Sub FunctionCopyPaste()
Dim iLastRow as Integer
With Worksheets("Data")
iLastRow = .UsedRange.Cells(.UsedRange.Rows.Count,1).Row
.Range("K2").Formula = "=IF(J2<>0,IF(D2>J2,J2,D2),D2)"
.Range("K2").Copy Range(Cells(2,4), Cells(iLastRow,1).Row,4))
End With
With Range(Cells(2,4), Cells(iLastRow,4))
.PasteSpecial xlPasteValues
End With
End Sub
I am a bit old school and so "arrays" are your friend :-) Have had similar problems when I first took over looking after some pretty complex spreadsheets at work that did large numbers of validations.

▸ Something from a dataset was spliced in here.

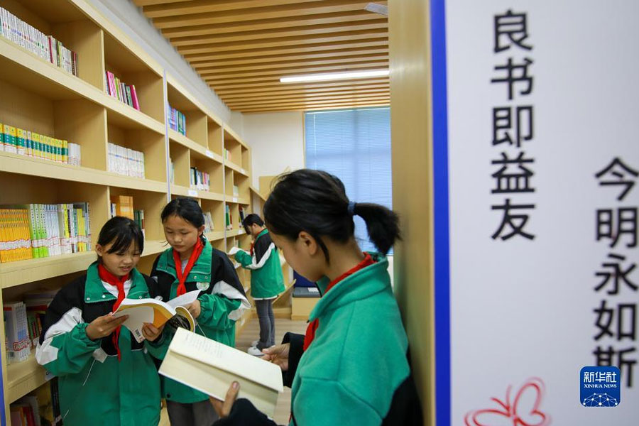 1/04月22日,學(xué)生在貴州省黔東南苗族侗族自治州從江縣城關(guān)第三小學(xué)的圖書室里閱讀。(新華社發(fā) 羅京來/攝)

When working with large volumes of data, moving between the workbook and the data on the worksheet is not recommended, because each action is effectively an I/O (Input/ output) operation and these are very time consuming. It is massively more efficient to read all your data into an array, work with the array data and then write it back to the sheet at the end, this is effectively 2 I/O's instead of the 700,000 if you read the sheet data each time. As a rough example, I reduced our previous validation time down from 25 minutes to 4 seconds using this approach.
Sub ValidateSheet()
Dim DataRange As String
Dim SheetArray As Variant
Dim StartCol As String
Dim EndCol As String
Dim StartRow As Long ' long to cope with over 32k records
Dim lastrow As Long
Dim WorksheetToRead As String
Dim ArrayLoopCounter As Long
Dim Start, Finish, TotalTime
Start = Timer
'I use variables for the data range simply to allow it to be changed easily. My real code is actually paramatised so a single reusable procedure
'is used to populate all my arrays
'find how many rows
WorksheetToRead = "Data"
StartCol = "A"
EndCol = "Z"
StartRow = 1
lastrow = Sheets(WorksheetToRead).Cells(Rows.Count, "A").End(xlUp).Row
'set the range to be read into the array
DataRange = StartCol & Trim(Str(StartRow)) & ":" & EndCol & Trim(Str(StartRow - 1 + lastrow))
SheetArray = Worksheets(WorksheetToRead).Range(DataRange).Value ' read all the values at once from the Excel grid, put into an array
'Loop around the data
For ArrayLoopCounter = LBound(SheetArray, 1) To UBound(SheetArray, 1)
If SheetArray(ArrayLoopCounter, 10) <> 0 Then '10 is column J
'Compare D with J
If SheetArray(ArrayLoopCounter, 4) > SheetArray(ArrayLoopCounter, 10) Then '10 is column J
SheetArray(ArrayLoopCounter, 11) = SheetArray(ArrayLoopCounter, 10) 'set col K = Col J
SheetArray(ArrayLoopCounter, 11) = SheetArray(ArrayLoopCounter, 4) 'set col K = Col D
End If
SheetArray(ArrayLoopCounter, 11) = SheetArray(ArrayLoopCounter, 4) 'set col K = Col D
End If
Next ArrayLoopCounter
'Write the updated array back to the sheet
Worksheets(WorksheetToRead).Range(DataRange) = SheetArray
Finish = Timer
TotalTime = Finish - Start
MsgBox TotalTime
End Sub
Have you tried turning off automatic recalculation before you run your script?
Application.Calculation = xlCalculationManual
And then turn it back on when you're done?
Application.Calculation = xlCalculationAutomatic
That usually speeds up processing of lots of rows assuming you're not changing something that needs recalculating before you work on the next (or subsequent) rows.